The mass shooting in Lewiston, Maine, shook her. As her days dwindled, the drumbeat of shootings, the overturning of Roe v. Wade, the state of the nation in general, weighed on her.
“I now look back on so much of my advocacy as a lot of sound and fury that changed nothing,” she said in November.
For all her frustration, she was determined to follow through on her final cause, her most intensely personal advocacy.
On Thanksgiving, she took a bite of stuffing and got violently ill, her body failing.
She made her last preparations. She picked the house where she would die. It had to be Bill Kilgour’s house, where her friend Cathey April died. Lynda set a date when she would pass, Feb. 2.
“My final joke,” she said. “Groundhog Day.”
There were other things she imagined happening during those last few days at Kilgour’s house. A pizza party, an a cappella group serenading her, Zoom calls to friends and family. But suddenly there was no time. On the morning of Jan. 3, Jake helped her into the red Honda, and Paul sped off to Vermont, all of them worrying that they had waited too long.
As dawn broke on the morning of Jan. 4, the worry fell away. Lynda woke refreshed.
“What’s the plan?” she asked Kilgour, her eyes bright and focused, her expression determined.
The difference in Lynda’s demeanor and energy was stunning. A good night’s sleep, and knowing she had made it here, changed everything.
It was gray outside, the dawn providing a dull daylight.
Paul stood by Lynda’s side, smiling. Forty-two years of marriage, all down to this.
“I’ll make the bed,” he promised.
“Every day,” Lynda commanded.
Paul rested his forehead on Lynda’s, moving back and forth, gently.
“I’ll call you on the wind phone,” he promised.
“Every day,” Lynda commanded.
Aimee, Jake, and Jake’s 17-year-old twin daughters, Josie and Abby, had been staying at a hotel in another town and when Lynda heard they had just parked in Kilgour’s driveway, she thrust her arm triumphantly into the air and chirped, “Yeah!”
One by one, her children and grandchildren approached, and Lynda threw her arms open wide.
Outside, big snowflakes began to drift from the sky.
Kilgour, the hospice specialist, came to her bedside with medication that would reduce her nausea and a sedative that would relax her.
“Are you good?” he asked.
She looked at him and said, drily, “I didn’t promise to be good.”
Twenty-five minutes later, Kilgour handed her the fatal cocktail of drugs, its bitter taste diluted with apple juice.
Lynda drank it, on her own.
“I’m so happy I don’t have to do this anymore,” she said to Paul.

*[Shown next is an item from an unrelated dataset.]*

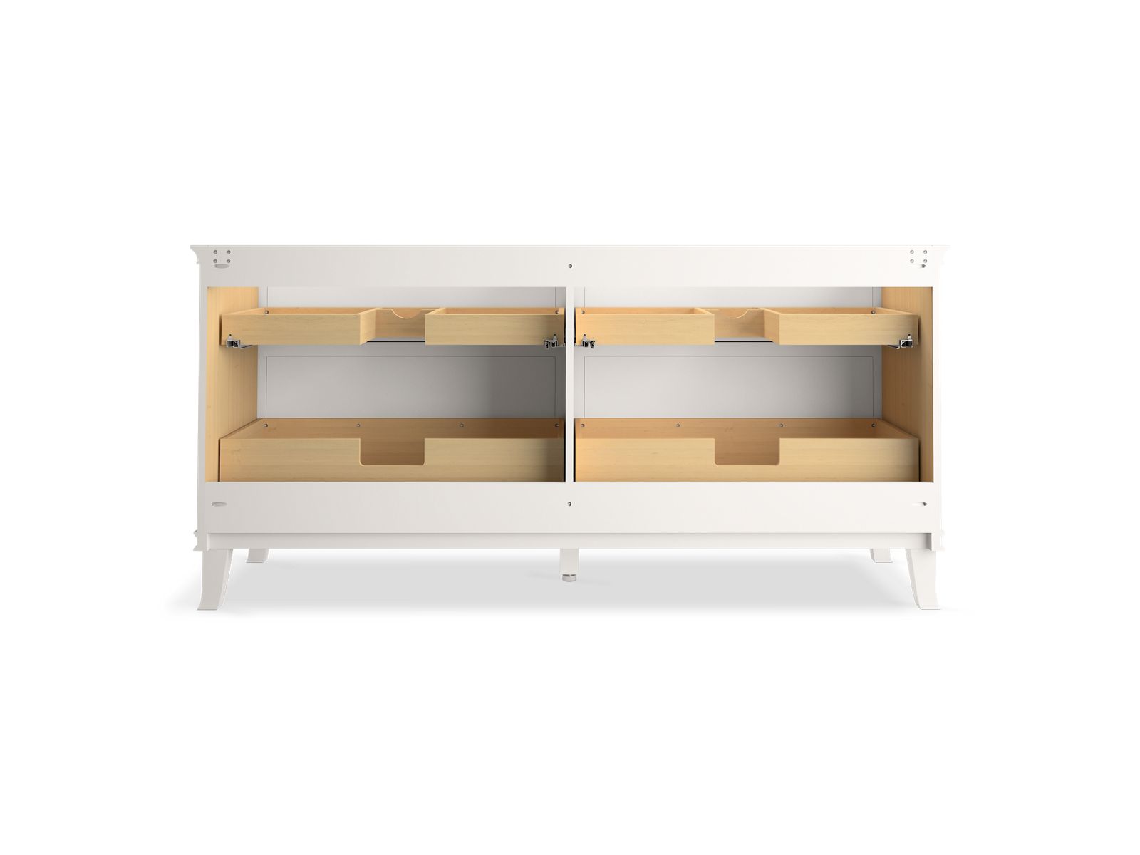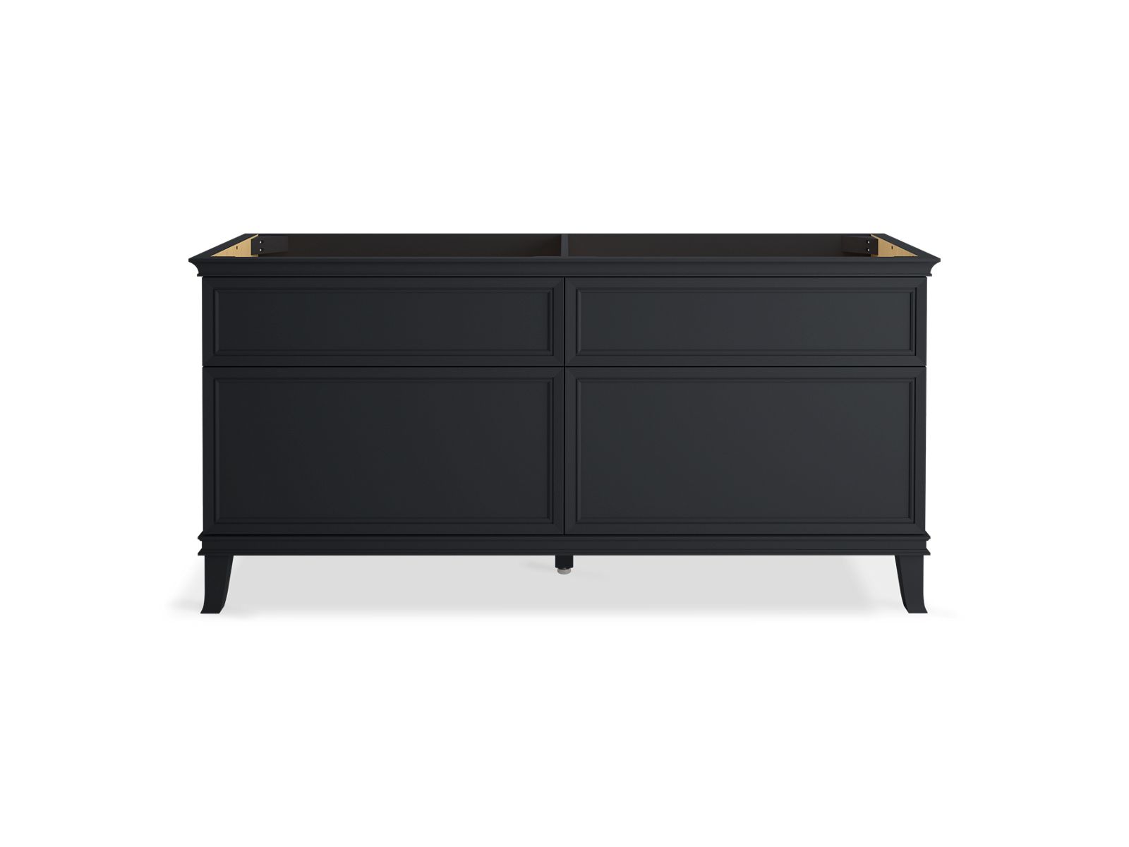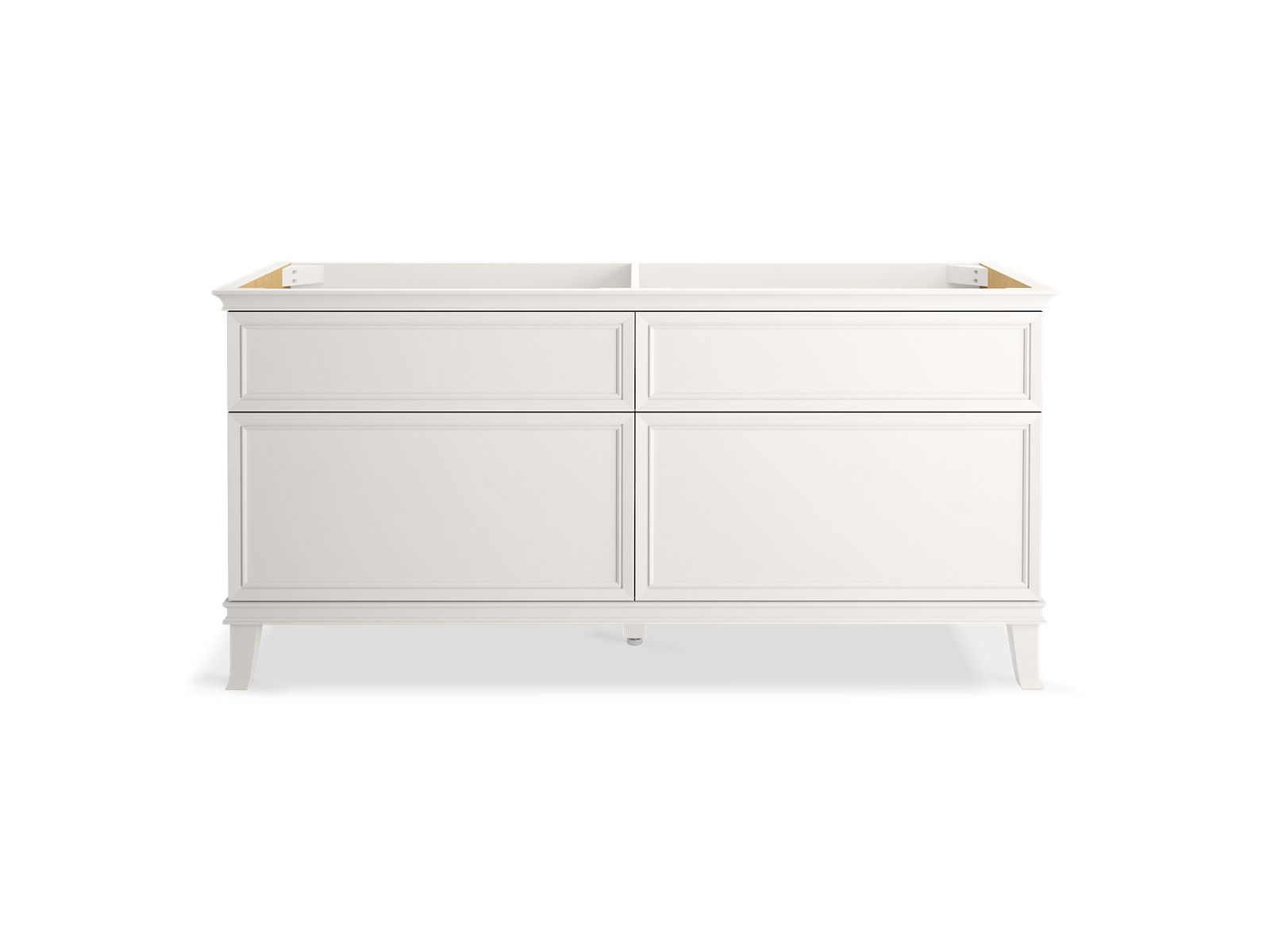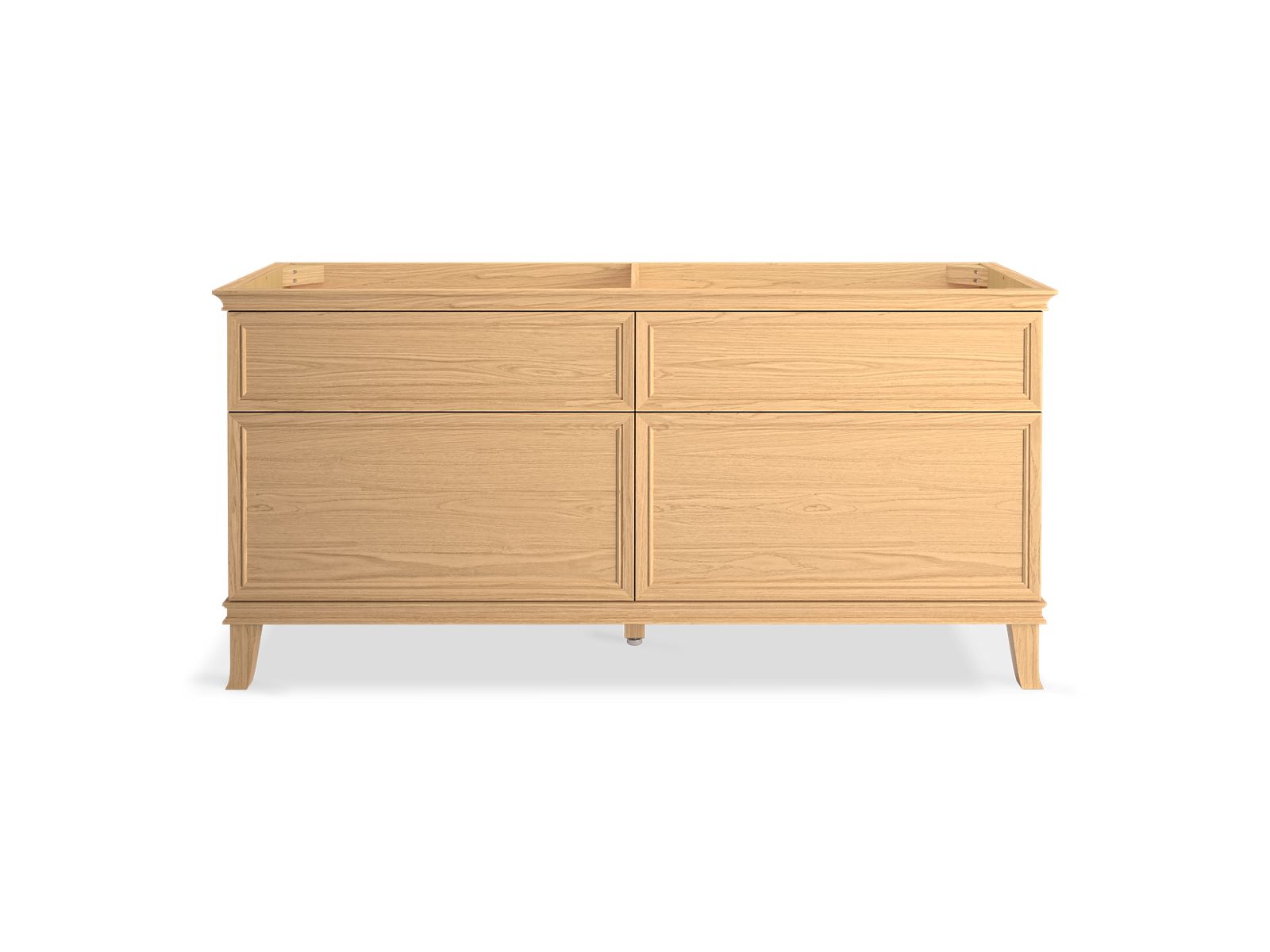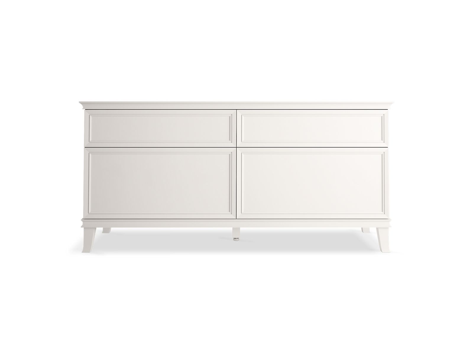 Elegant minimalist design meets midcentury traditional influence and Kohler craftsmanship in the Artifacts bathroom vanity. This simply ornamented, all-drawer cabinet features cornice molding reminiscent of an American Federal-style bookcase while flared solid-wood legs inspired by early nineteenth-century linen presses elevate the vanity’s style and off-floor functionality. Customize your bathroom centerpiece with a coordinating quartz top, contrasting industrial-style drawer pulls, and organizational in-drawer accessories (sold separately) for a look that fits your aesthetic and space.

And then, surrounded by her family and a sense of accomplishment, she drifted away.
Just minutes after his mother died, Jake led his daughters and Aimee to Bill Kilgour’s kitchen table. Jake handed them a stack of cards and envelopes. Lynda had wanted to write to a score of people before she died, but she’d run out of time. Aimee and the girls wrote in each card: “Lynda wants you to know you are special.”

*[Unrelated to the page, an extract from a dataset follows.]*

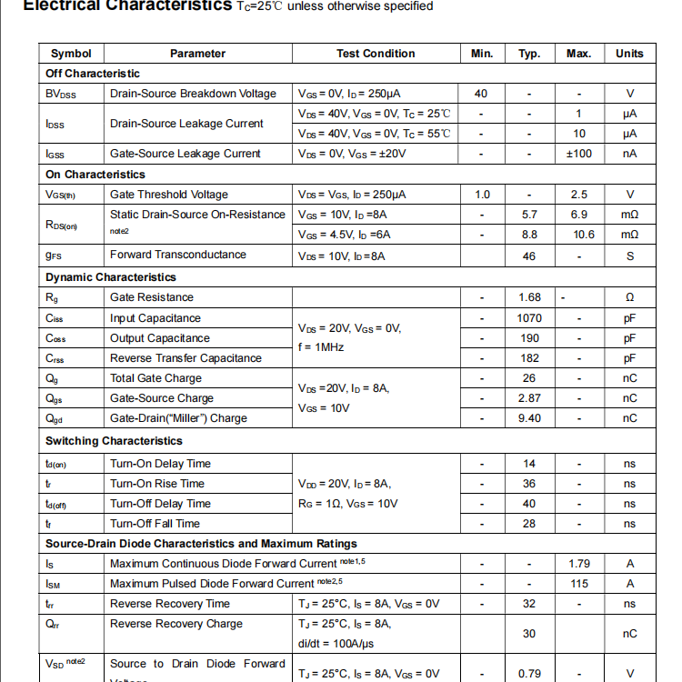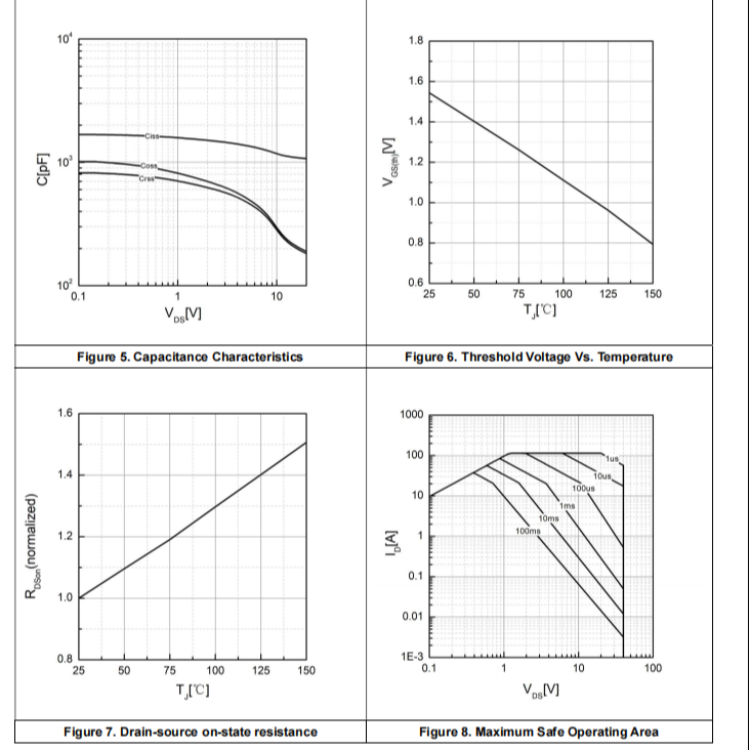 ?導通電阻?:在VGS為10V,ID= 8A時,RDS(ON)為5.7mΩ,在VGS為4.5V,ID= 6A時,RDS(ON)為8.8mΩ,表現(xiàn)出較低的導通電阻,有利于減少能量損耗和提高效率;
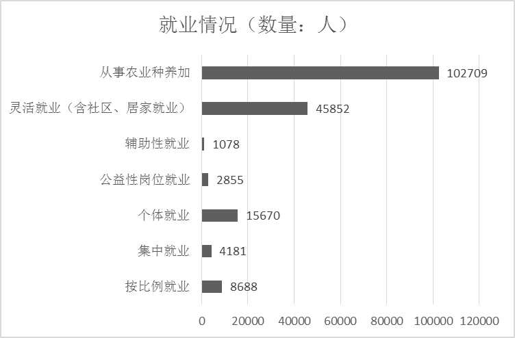 城乡持证残疾人就业人数为181033人,其中按比例就业8688人,集中就业4181人,个体就业15670人,公益性岗位就业2855人,辅助性就业1078人,灵活就业(含社区、居家就业)45852人,从事农业种养加102709人。

The snow was falling hard and fast as Jake led the girls down the hill, to the small post office, to mail the 21 letters.
Back at the farmhouse, Jake made a snowball in the driveway and fired it toward his daughters. They wailed in delight and fired some back at him. Aimee smiled.

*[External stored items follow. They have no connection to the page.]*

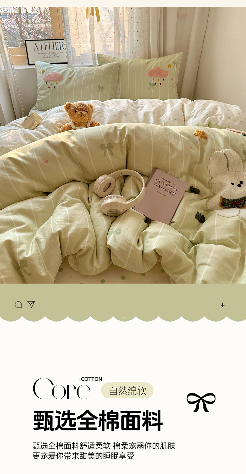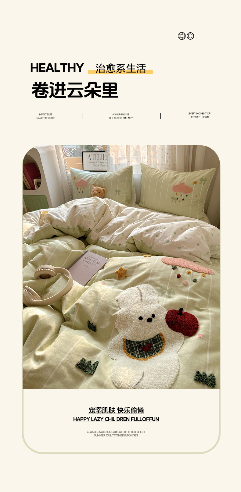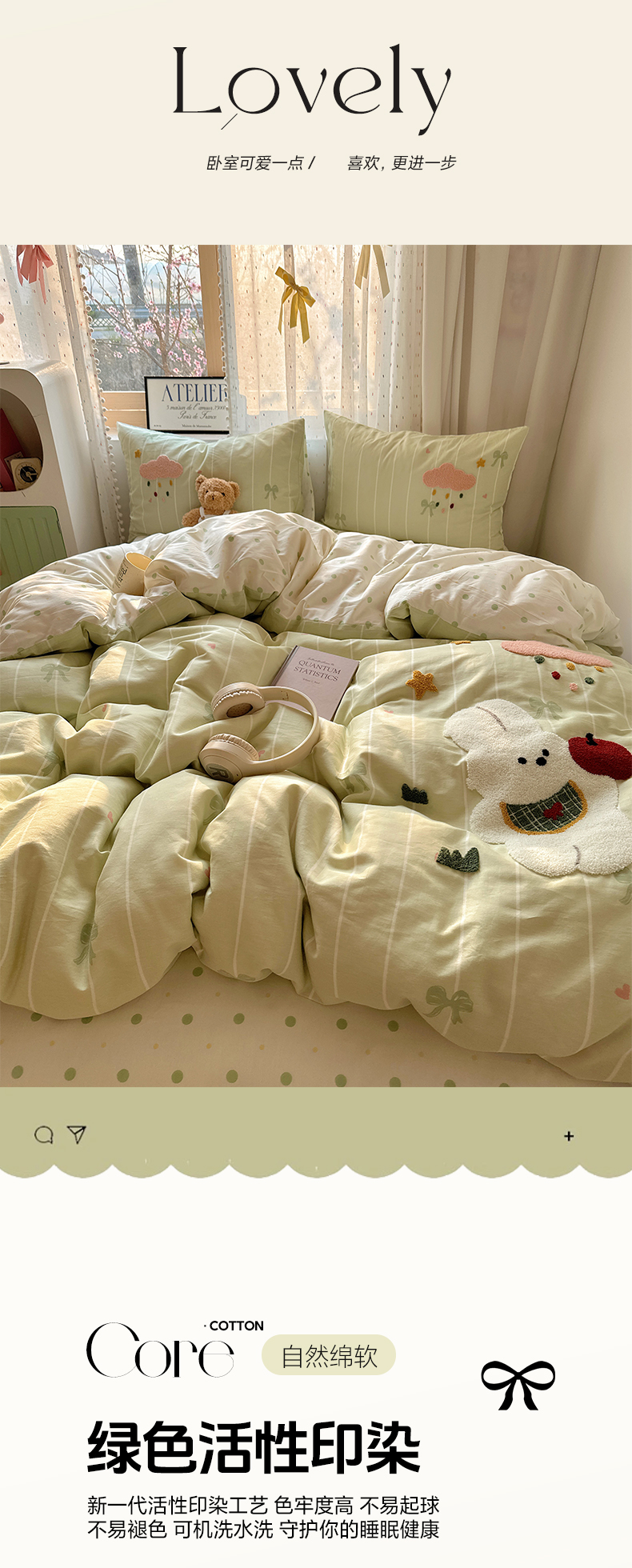 当前位置: 91家纺网 > 商品网购 > 床品套件 > 四件套 > 毛巾绣四件套 > 澳梵家居 2025新款小清新全棉印花毛巾绣四件套 苹果兔兔
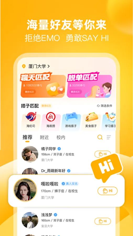 在校猿,你可以通过发布搭子,聊天匹配等多种个性化的交友推荐方式与同城同校及附近的TA聊天互动,超多用户在校猿快速匹配找到了心仪的TA、知心好友!不想再孤单EMO,那就赶紧下载校猿和小姐姐/小哥哥大胆SAYHI吧!
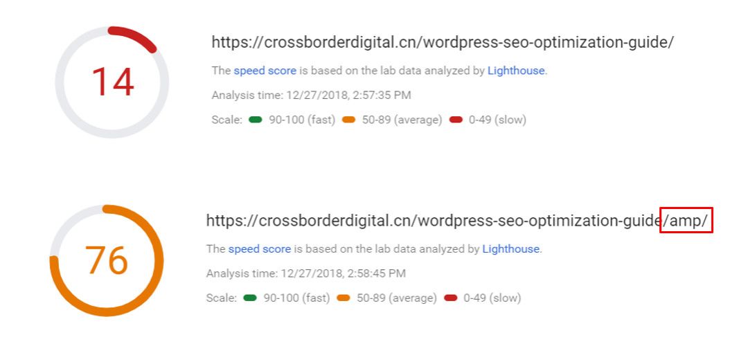 实施AMP后,页面加载速度会获得大幅提升,如下图Cross Border Digital的一篇博文,谷歌测速工具得分,AMP页面得分76,原页面仅14。
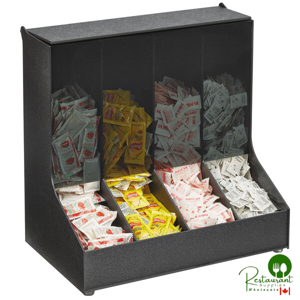 Perfect for beverage stations, self-serve kiosks, busy countertops, and cafeteria settings, this organizer provides organized access to condiments while ensuring product freshness through automated rotation. The design allows customers to easily access sugar packets, ketchup, mustard, salad dressings, and other portion-controlled items.

In the stillness that had befallen the room after his mother had passed, Jake felt dazed by the sudden reality of loss, but he felt happy, too — happy that his mother had died as she wished, on her own terms, knowing that her story might lead others to change the way they think about death, that it might give some the faith to seize the personal agency she believed in so fiercely.
But something else nagged him as he and his family waited for the undertaker who would take his mother’s body to be cremated. As important and meaningful as his mother’s quest had been, as peaceful as the end was, there still seemed to him a terrible injustice in the laws that forced his mother to launch her fight to begin with.
“She shouldn’t have had to do this,” he said. “She should have been able to die in her own home, in her own bed. She shouldn’t have had to do this.”